## WHAT YOU ARE ASKED TO DO
Write out exactly the lines between the line containing "1st birthday 1" and the end of the records, counting both ends, and leave out all pictures.

[Stored data entries]
######
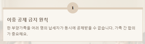 • 중복공제 금지: 한 부양가족을 여러 명의 납세자가 동시에 공제받을 수 없어요!
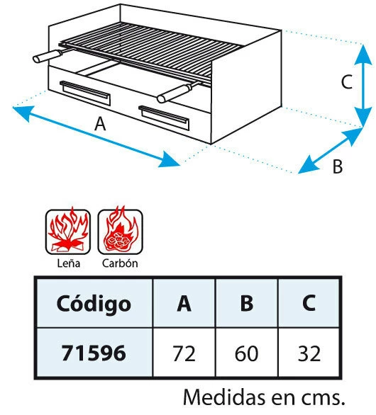 – Combustible recomendado: Leña, Carbón y Briquetas.
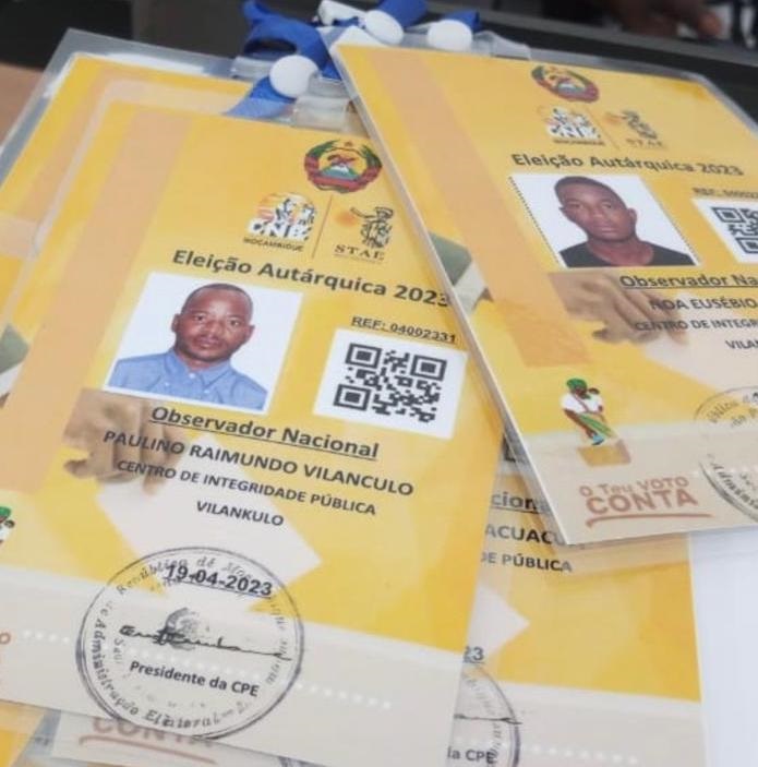 The chair of the Ilha de Moçambique district elections commission (CDE) has stopped reporting and observation by our correspondents, saying he does not recognise badges issued by the Nampula provincial elections commission (CPE). He says the CPE should have issued a “credential” and not a plastic coated badge on a string as issued by all provinces. The photo shows badges issued in Inhambane.
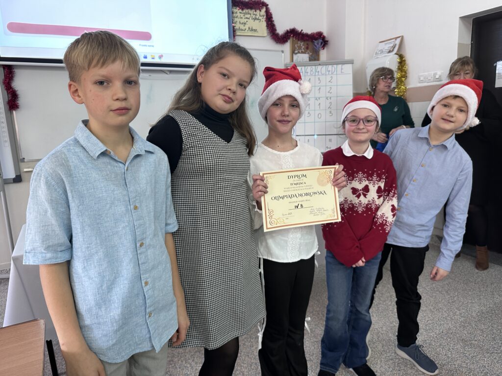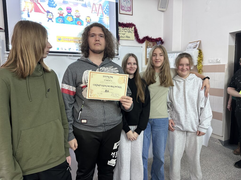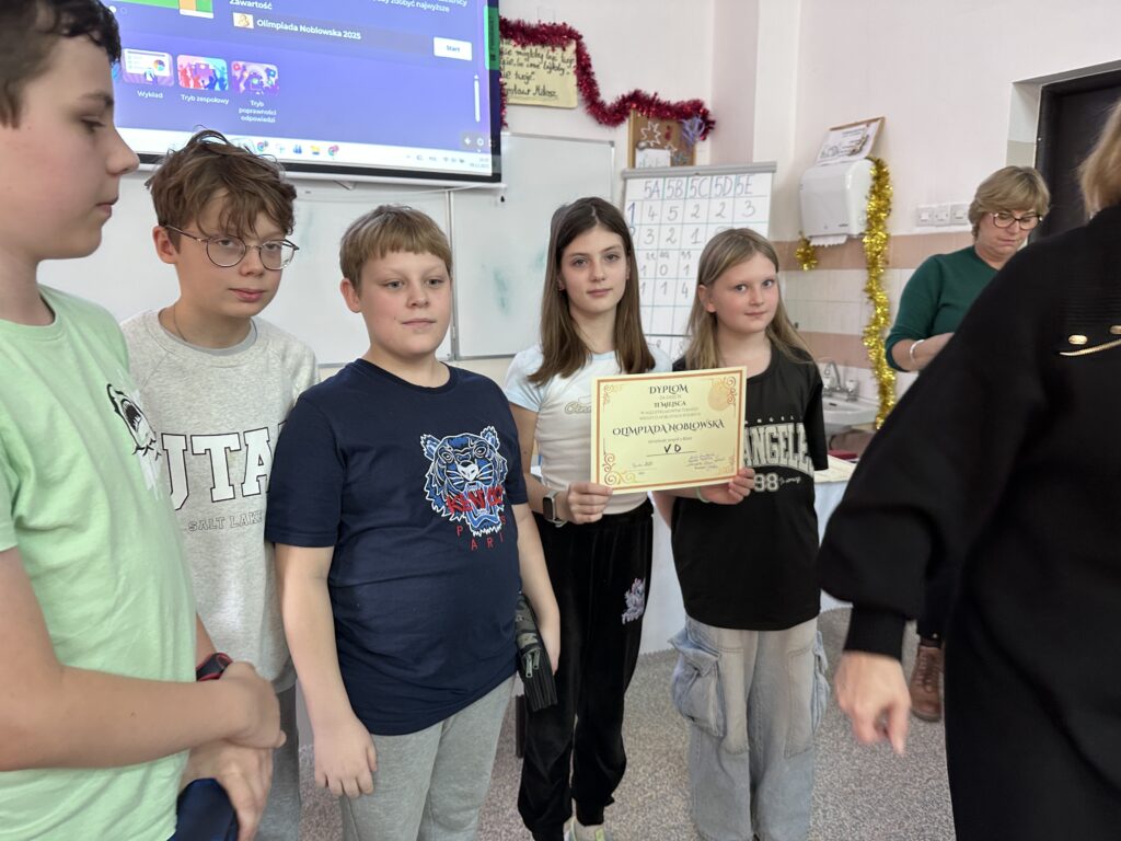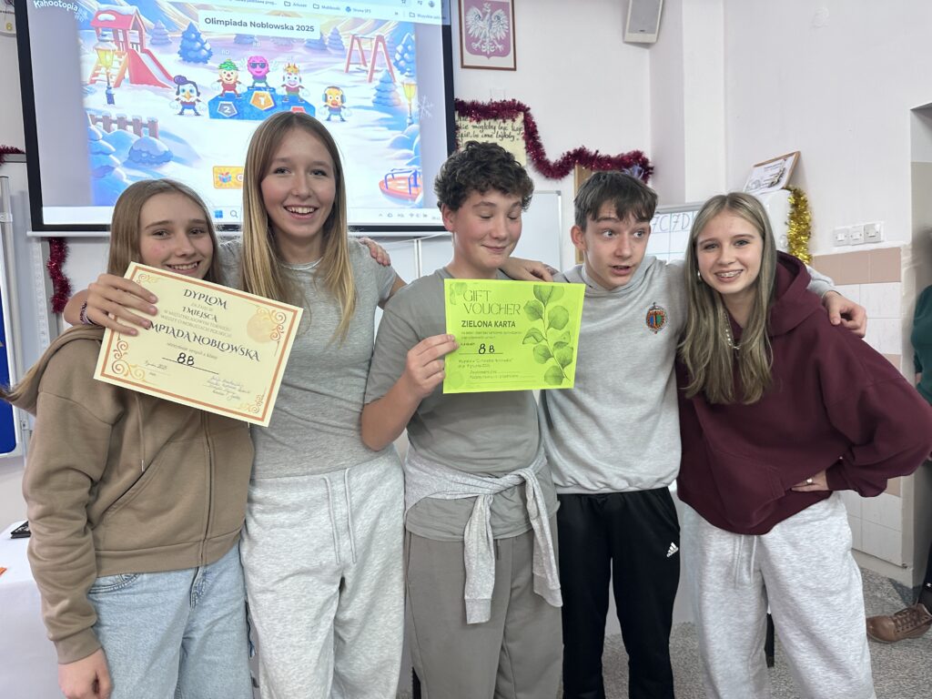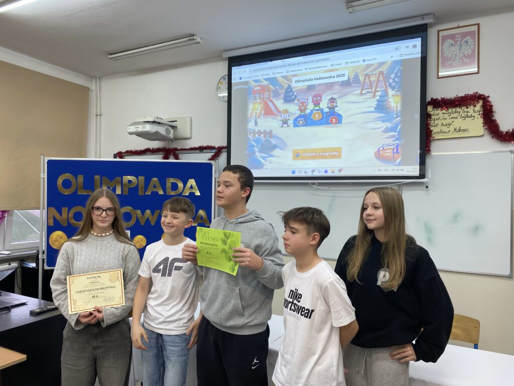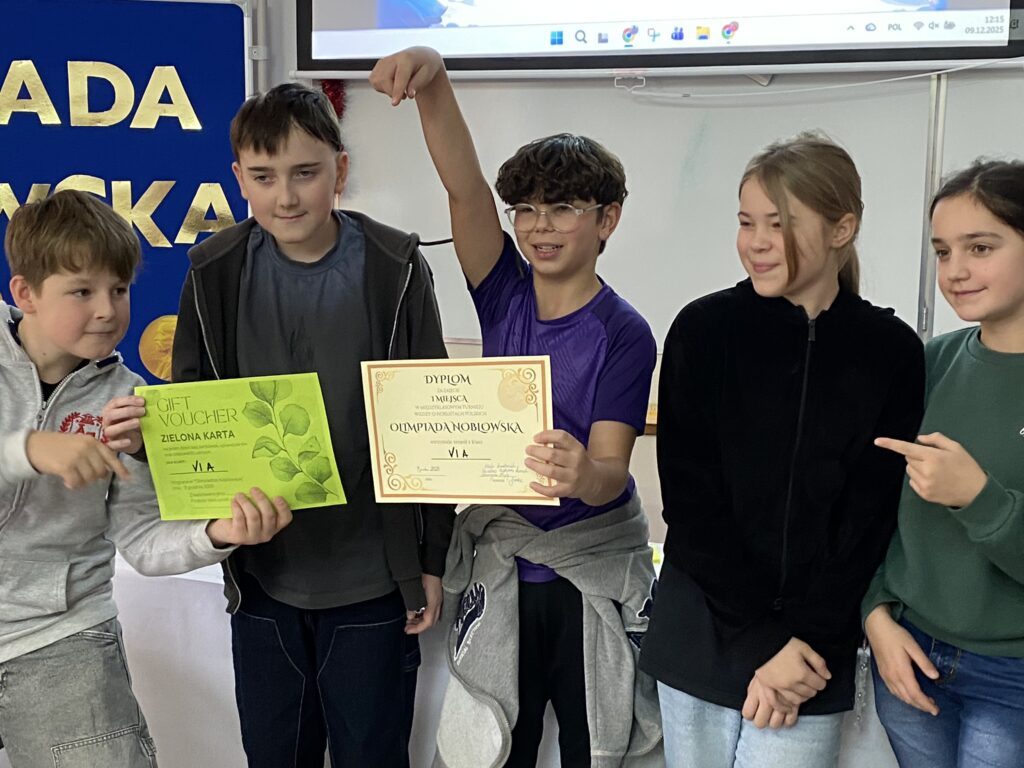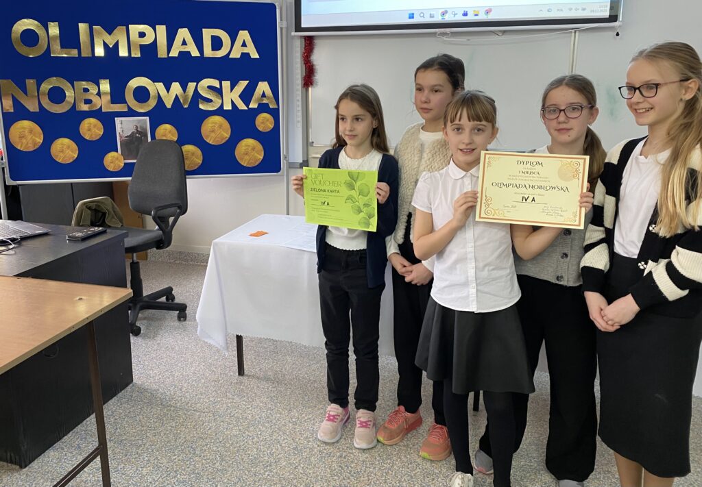 Olimpiada Noblowska spotkała się z dużym zaangażowaniem uczniów. W szkolnych korytarzach można podziwiać prace zespołów klasowych, m.in. lapbooki i plakaty. Wydarzenie zakończyło się wręczeniem zwycięskim klasom vouchera – Zielonej Karty, umożliwiającej dzień bez kartkówki i odpowiedzi ustnych.
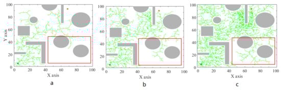 - Yershova, A.; Jaillet, L.; Siméon, T.; LaValle, S.M. Dynamic-domain RRTs: Efficient exploration by controlling the sampling domain. In Proceedings of the 2005 IEEE International Conference on Robotics and Automation, Barcelona, Spain, 18–22 April 2005; pp. 3856–3861. [Google Scholar]
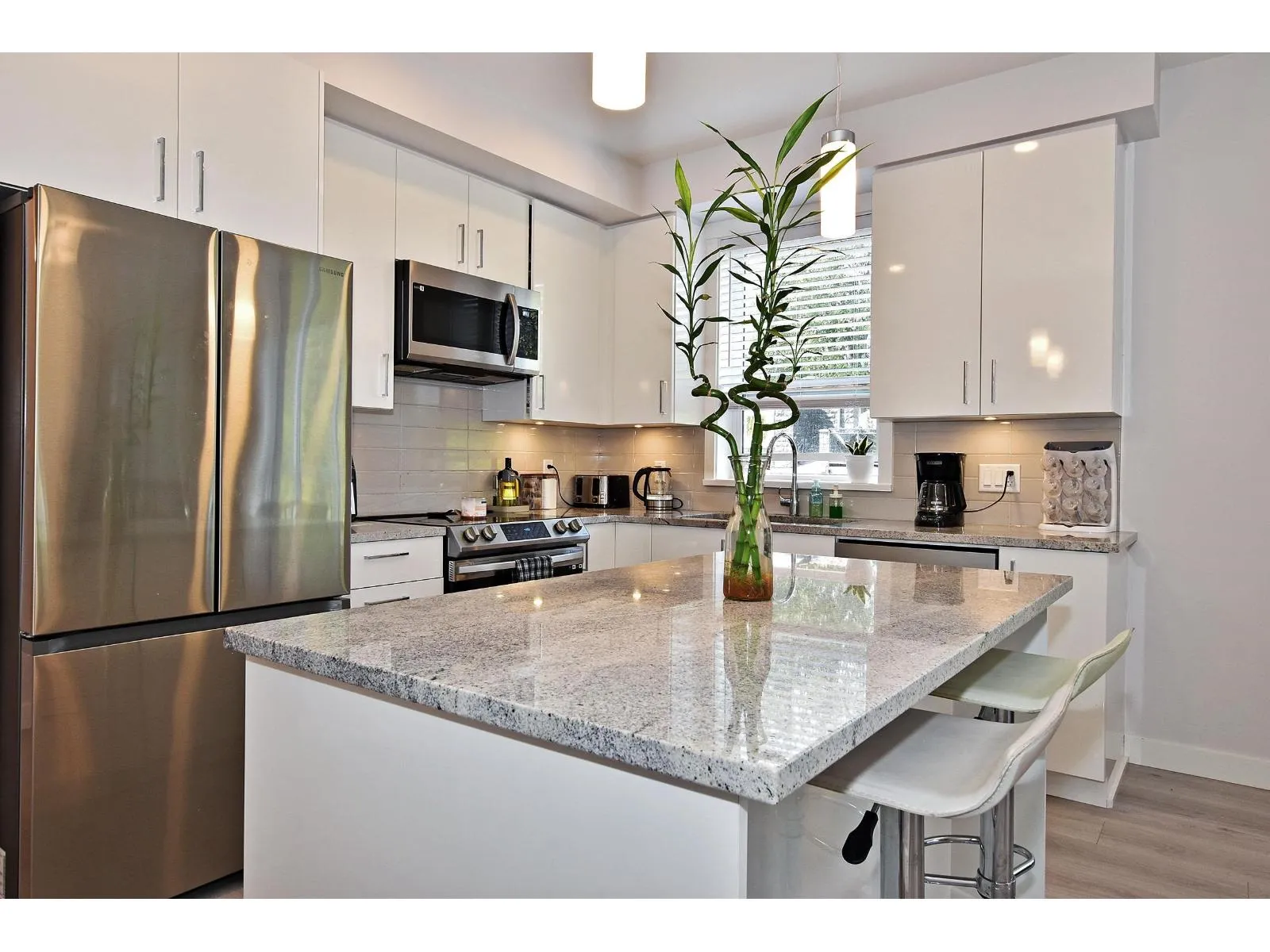 WELCOME TO THE PRESTON! LARGEST UNIT IN THE COMPLEX! Urban luxury lifestyle in the city!!! This first-floor unit has two bedrooms, two bathrooms, a den, and two parking spaces. Adorable as can be + move-in ready!. Award-winning Redekop Faye constructed a well-liked condo in the West Coast style. Gorgeous laminate flooring, well furnished with designer paint, and lots of windows letting in natural light. High-end S/S appliances, granite worktops, and an undermount sink are features of the kitchen's contemporary white cabinets. A timeless bathroom featuring a soaker tub, mosaic tile, LED lighting, and white quartz counters. Added bonus: sound-absorbing walls and ceilings. Amenities; kids play area,yoga studio,clubhouse,game room,dog washing station, home office hub, green belt on both sides. (id:27476)
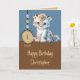 1st birthday 1 today name cute leopard blue card
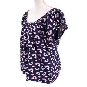 Magnolia Place Women’s Navy Blue and Rainbows Short Sleeve May Blouse Size 5X
######
## TASK ANSWER
 1st birthday 1 today name cute leopard blue card
 Magnolia Place Women’s Navy Blue and Rainbows Short Sleeve May Blouse Size 5X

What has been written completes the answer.